What if a product provided immense utility, time or labor savings, etc., and you could only charge the standard markup over cost? This would be a major disincentive for inventing anything new and better; why would you spend all that R&D money? Your benefit for your innovation would be limited to your standard markup (but you'd probably get everyone buying your thing instead of the other).

If you can > There was a day when companies priced their products on a fair markup.

Reply to
Daniel H

Quit whining- If you want compensation for your ummm... severe? gouging, take a look at how much less you pay for prescription drugs. Or go buy your stuff from one of the other suppliers.

Reply to
Prometheus

I'll stop you there. I don't expect Lee Valley to return to that type of pricing. It not realistic in today's competitive marketplace. I was just annoyed when I made that statement.
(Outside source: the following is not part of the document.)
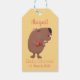 Cute singing capybara ukulele tecknad illustration presentetikett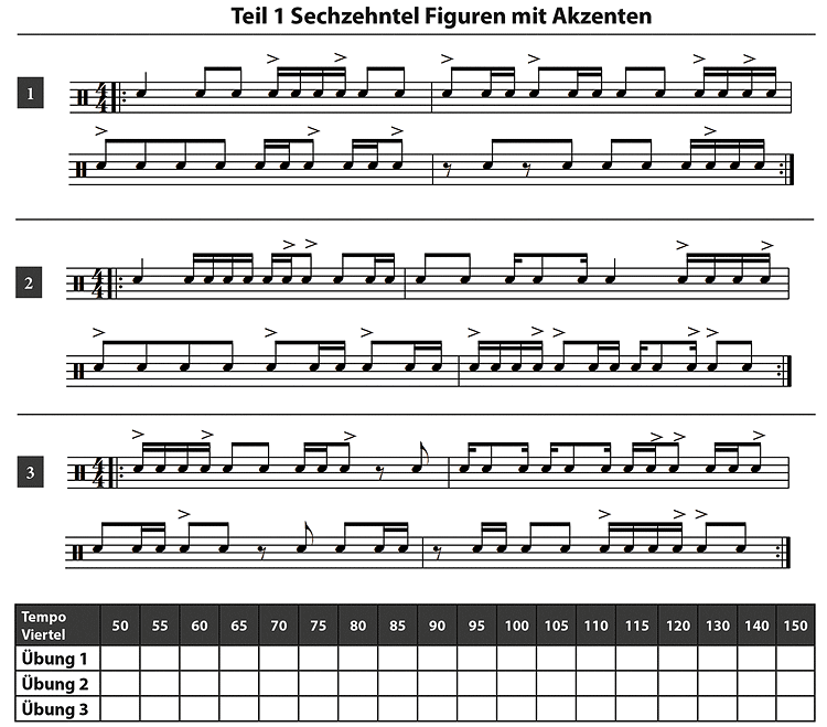 In Teil 2 werden die Sechzehntel und Achtel Noten des ersten Teils mit Akzenten ergänzt.

But the point I made about competitive pricing eating thousands of tons of trees in order to feed the marketplace almost daily PHONEY sales flyers in our newspapers and mailboxes was valid.

My annoyance with Lee Valley rests with every year seeing Americans paying less for the same product I buy. Many of those MADE IN CANADA! Robin has admitted that because the competitive marketplace in the US demands it he must give his American customers a better deal.

Well I don't have to like it and will continue to say so.

Reply to
Robert

Sorry, my original 'whining' post was ON topic for this news group by virtue of Robin Lee's participation here. Now that this has become a flame war rather than a rational discussion of the facts, every post is on topic. Even your lame assed post.

Reply to
Robert

No, it's what I was told on the phone by the PA dude.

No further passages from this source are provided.